Illustration of China's nuclear buildup showing missiles, the Chinese flag, a cracked "Arms Control Treaty" document with broken chains, and a red-highlighted map of China against a dark background.

The new cold war between the U.S, Russia, and China has divided the world into East and West. Russia and China assumed their positions as a worldwide threat to the US-led regime. China is more assertive in economics, politics, and nuclear issues. China wants an autonomous and equal share of global dominance like the US and Russia. China’s inspiration to equally govern economic and strategic affairs arises from the recurrence of the old Cold War, which divided the world into two blocs: Eagle vs. Dragon-Bear.

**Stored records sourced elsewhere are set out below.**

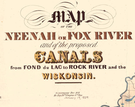 1839 Map of the Neenah or Fox River Wisconsin and Canals
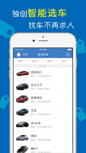 购买新车满城跑,现在终于有神器了! 我们为您提供: • 各大品牌汽车最新报价查询 • 获取各大汽车厂商第一手新闻 • 智能选车,为您个性化推荐爱车 • 汽车行情实时更新,买车必备 • 免费试驾,手机预约到店试驾 如果您对本应用有任何建议或意见欢迎通过应用内的“意见反馈”通道与我们沟通。
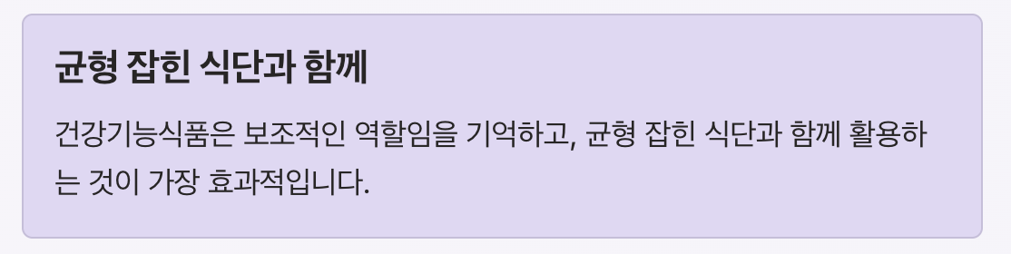 건강기능식품은 어디까지나 보조적인 역할이라는 점을 기억하고, 균형 잡힌 식단과 함께 활용하는 것이 가장 효과적인 방법입니다.
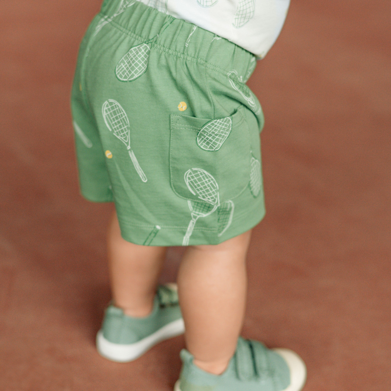 A perfect match for play! Our Tennis Short is made from GOTS-certified 100% organic cotton jersey that’s lightweight, breathable, and garment-washed for a super soft feel. Designed with a relaxed fit, elastic waist band, side pockets and an adjustable drawstring on toddler sizes (18 mos. +), they’re perfect for all-day movement. 'Pehr' them with our Tees, Bucket Hats and Sandals for a ready-for-anything summer outfit.
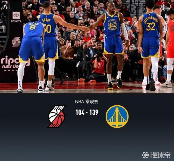 勇士七人上双139-104开拓者迎开门红,库里三节打卡17+9+10
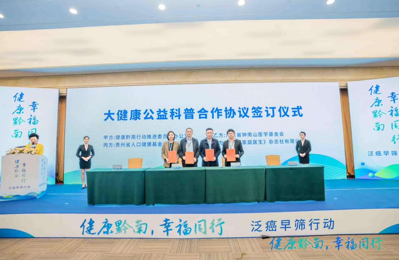 启动仪式上,为积极响应《“健康中国 2030”规划纲要》的核心精神,践行健康知识普及行动,家医杂志社作为企业代表和健康黔南行动推进委员会办公室、广东省钟南山医学基金会、贵州省人口健康基金会签订了大健康公益合作四方协议,政企联手,打造健康黔南。
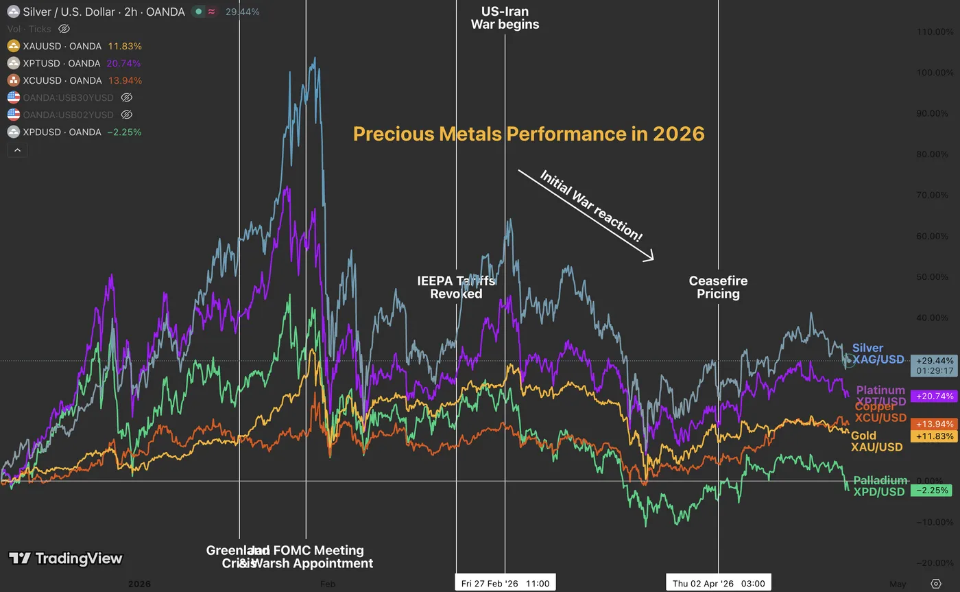 Metals performance since end 2025 – Source: TradingView. April 23, 2026

Consistent geopolitical tensions between the US and China and the US strategic policies, such as the National Security Strategy 2022, National Defense Strategy 2022, and the Indo-Pacific Strategy 2022, limit the scale of bilateral and multilateral credible arms control agreements with China. These strategies create more complexity and uncertainty in the US deterrence postures, causing regional instability. Moreover, these policies are more aggressive than defensive in limiting China’s growing nuclear arsenal.

The other nuclear flash point and major driver behind the arms race is the China Relations Act. The US is Taiwan’s biggest military aid provider, providing about $50 billion in defense equipment and services since the 1950s. The US has supplied numerous pieces of equipment, including F-16 fighter jets, Patriot missile systems, and naval vessels.

Additionally, it has included the sale of advanced weaponry such as the National Advanced Surface-to-Air Missile System (NASAM), High Mobility Artillery Rocket System (HIMARS), and Harpoon anti-ship missiles. China views these additions as escalators because they enhance Taiwan’s defensive capabilities.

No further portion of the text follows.